§ Problem to solve
Give the data again exactly as it appears, excluding any pictures.

§ Data below
·····

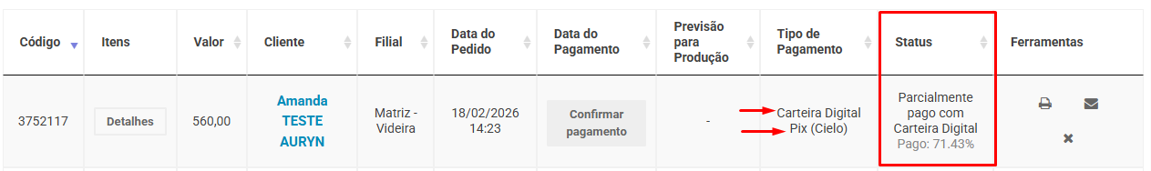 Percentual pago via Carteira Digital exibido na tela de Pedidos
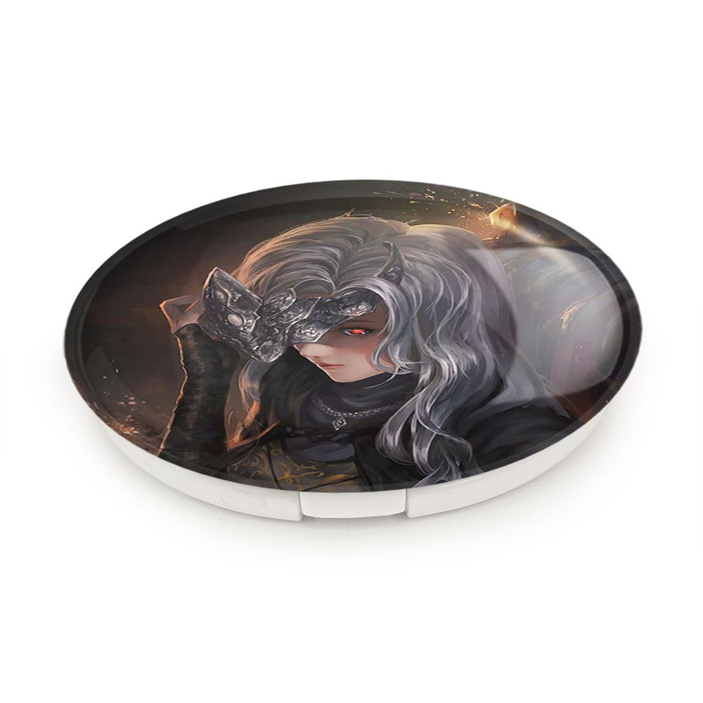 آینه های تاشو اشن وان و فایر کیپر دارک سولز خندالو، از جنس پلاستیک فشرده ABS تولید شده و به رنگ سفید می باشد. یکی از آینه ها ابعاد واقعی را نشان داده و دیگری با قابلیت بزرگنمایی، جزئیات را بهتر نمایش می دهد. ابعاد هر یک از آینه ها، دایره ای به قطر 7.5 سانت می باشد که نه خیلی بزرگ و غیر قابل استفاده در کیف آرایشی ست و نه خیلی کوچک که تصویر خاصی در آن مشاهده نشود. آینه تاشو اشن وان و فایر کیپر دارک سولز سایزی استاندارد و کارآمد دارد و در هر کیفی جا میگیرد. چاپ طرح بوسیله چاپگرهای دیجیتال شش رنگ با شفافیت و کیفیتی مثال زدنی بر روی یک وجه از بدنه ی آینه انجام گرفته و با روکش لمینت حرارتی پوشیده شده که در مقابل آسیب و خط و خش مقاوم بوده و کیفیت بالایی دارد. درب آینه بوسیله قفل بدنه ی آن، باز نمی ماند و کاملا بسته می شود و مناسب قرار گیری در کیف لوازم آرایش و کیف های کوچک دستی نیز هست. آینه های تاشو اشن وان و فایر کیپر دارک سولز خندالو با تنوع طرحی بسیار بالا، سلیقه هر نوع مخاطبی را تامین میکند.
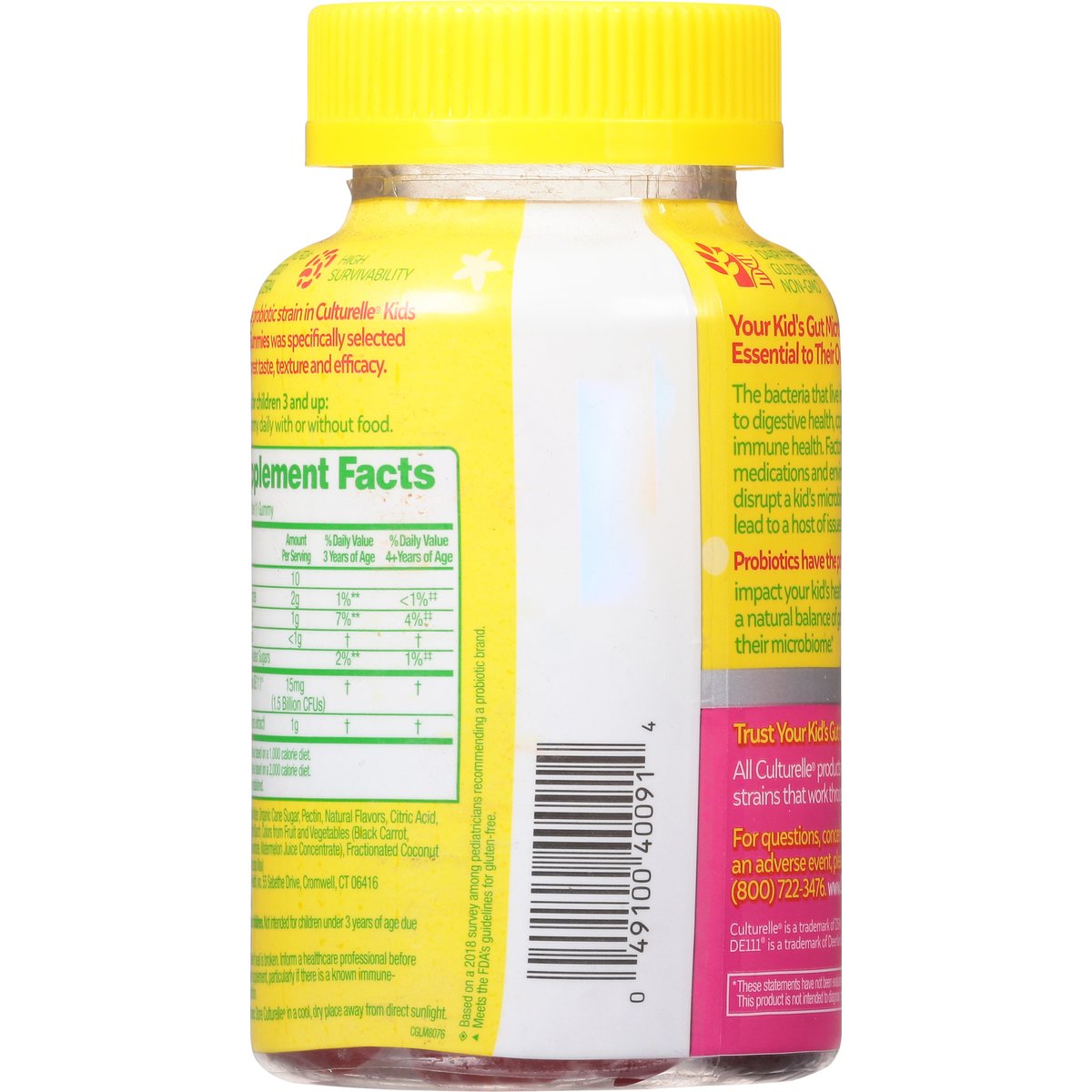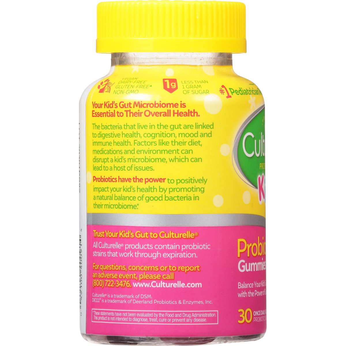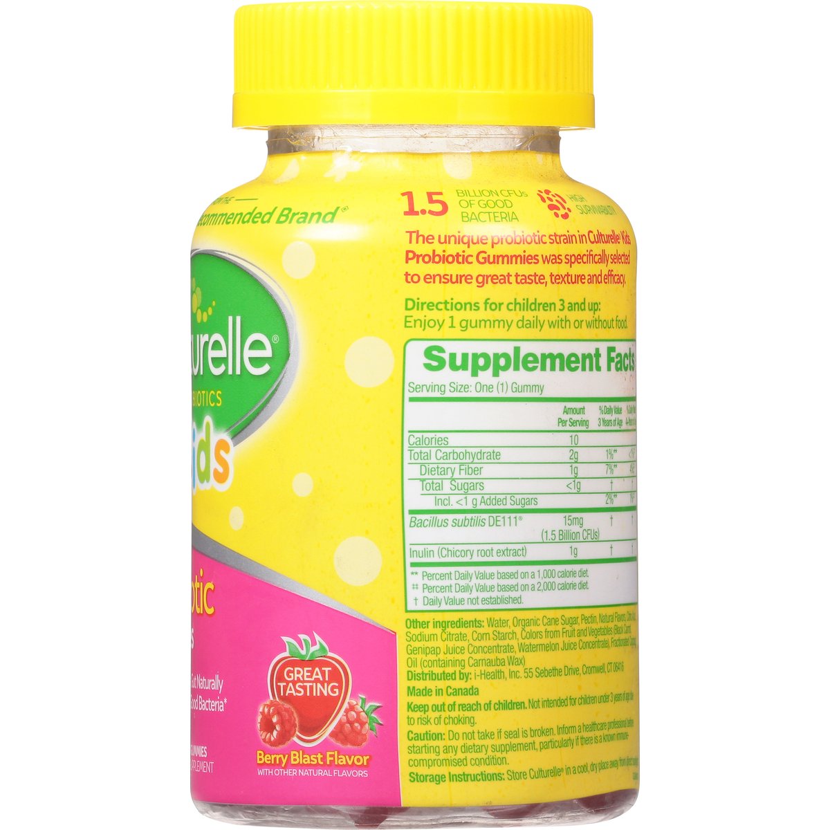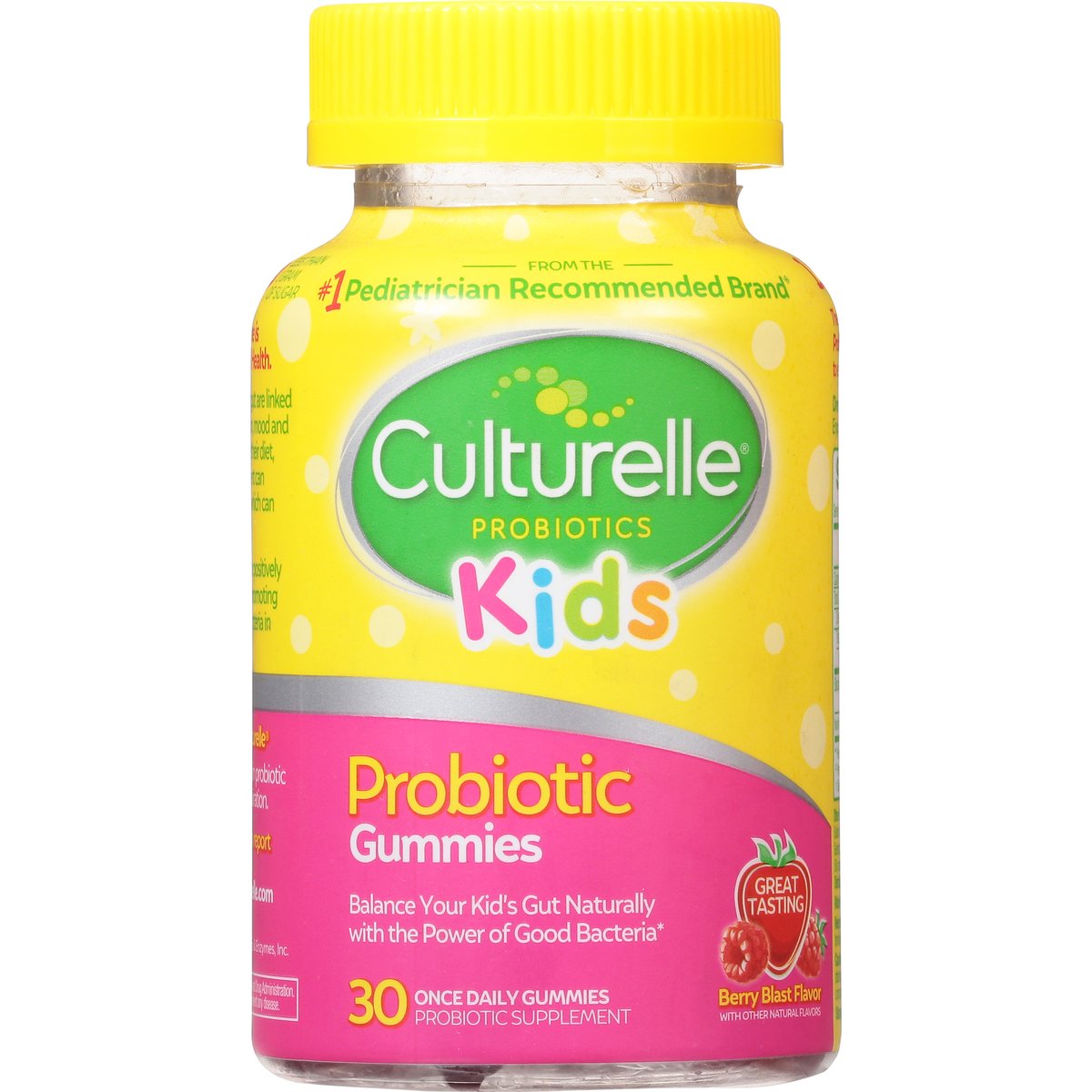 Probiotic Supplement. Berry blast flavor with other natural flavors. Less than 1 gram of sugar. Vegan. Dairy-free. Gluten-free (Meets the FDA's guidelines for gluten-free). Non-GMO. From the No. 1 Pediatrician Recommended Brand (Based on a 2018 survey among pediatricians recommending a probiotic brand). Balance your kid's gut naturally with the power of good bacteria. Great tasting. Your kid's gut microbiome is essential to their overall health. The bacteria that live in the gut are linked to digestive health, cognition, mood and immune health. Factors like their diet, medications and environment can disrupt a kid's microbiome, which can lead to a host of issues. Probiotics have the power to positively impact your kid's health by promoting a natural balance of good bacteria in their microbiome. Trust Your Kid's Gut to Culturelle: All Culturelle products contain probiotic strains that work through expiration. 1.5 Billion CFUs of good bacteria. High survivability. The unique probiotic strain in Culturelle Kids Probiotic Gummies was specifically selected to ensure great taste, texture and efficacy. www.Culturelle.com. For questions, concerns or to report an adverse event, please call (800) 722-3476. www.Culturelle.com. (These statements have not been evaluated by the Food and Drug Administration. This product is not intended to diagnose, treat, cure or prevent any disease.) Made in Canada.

·····

§ Answer to this problem
 Percentual pago via Carteira Digital exibido na tela de Pedidos
 آینه های تاشو اشن وان و فایر کیپر دارک سولز خندالو، از جنس پلاستیک فشرده ABS تولید شده و به رنگ سفید می باشد. یکی از آینه ها ابعاد واقعی را نشان داده و دیگری با قابلیت بزرگنمایی، جزئیات را بهتر نمایش می دهد. ابعاد هر یک از آینه ها، دایره ای به قطر 7.5 سانت می باشد که نه خیلی بزرگ و غیر قابل استفاده در کیف آرایشی ست و نه خیلی کوچک که تصویر خاصی در آن مشاهده نشود. آینه تاشو اشن وان و فایر کیپر دارک سولز سایزی استاندارد و کارآمد دارد و در هر کیفی جا میگیرد. چاپ طرح بوسیله چاپگرهای دیجیتال شش رنگ با شفافیت و کیفیتی مثال زدنی بر روی یک وجه از بدنه ی آینه انجام گرفته و با روکش لمینت حرارتی پوشیده شده که در مقابل آسیب و خط و خش مقاوم بوده و کیفیت بالایی دارد. درب آینه بوسیله قفل بدنه ی آن، باز نمی ماند و کاملا بسته می شود و مناسب قرار گیری در کیف لوازم آرایش و کیف های کوچک دستی نیز هست. آینه های تاشو اشن وان و فایر کیپر دارک سولز خندالو با تنوع طرحی بسیار بالا، سلیقه هر نوع مخاطبی را تامین میکند.
 Probiotic Supplement. Berry blast flavor with other natural flavors. Less than 1 gram of sugar. Vegan. Dairy-free. Gluten-free (Meets the FDA's guidelines for gluten-free). Non-GMO. From the No. 1 Pediatrician Recommended Brand (Based on a 2018 survey among pediatricians recommending a probiotic brand). Balance your kid's gut naturally with the power of good bacteria. Great tasting. Your kid's gut microbiome is essential to their overall health. The bacteria that live in the gut are linked to digestive health, cognition, mood and immune health. Factors like their diet, medications and environment can disrupt a kid's microbiome, which can lead to a host of issues. Probiotics have the power to positively impact your kid's health by promoting a natural balance of good bacteria in their microbiome. Trust Your Kid's Gut to Culturelle: All Culturelle products contain probiotic strains that work through expiration. 1.5 Billion CFUs of good bacteria. High survivability. The unique probiotic strain in Culturelle Kids Probiotic Gummies was specifically selected to ensure great taste, texture and efficacy. www.Culturelle.com. For questions, concerns or to report an adverse event, please call (800) 722-3476. www.Culturelle.com. (These statements have not been evaluated by the Food and Drug Administration. This product is not intended to diagnose, treat, cure or prevent any disease.) Made in Canada.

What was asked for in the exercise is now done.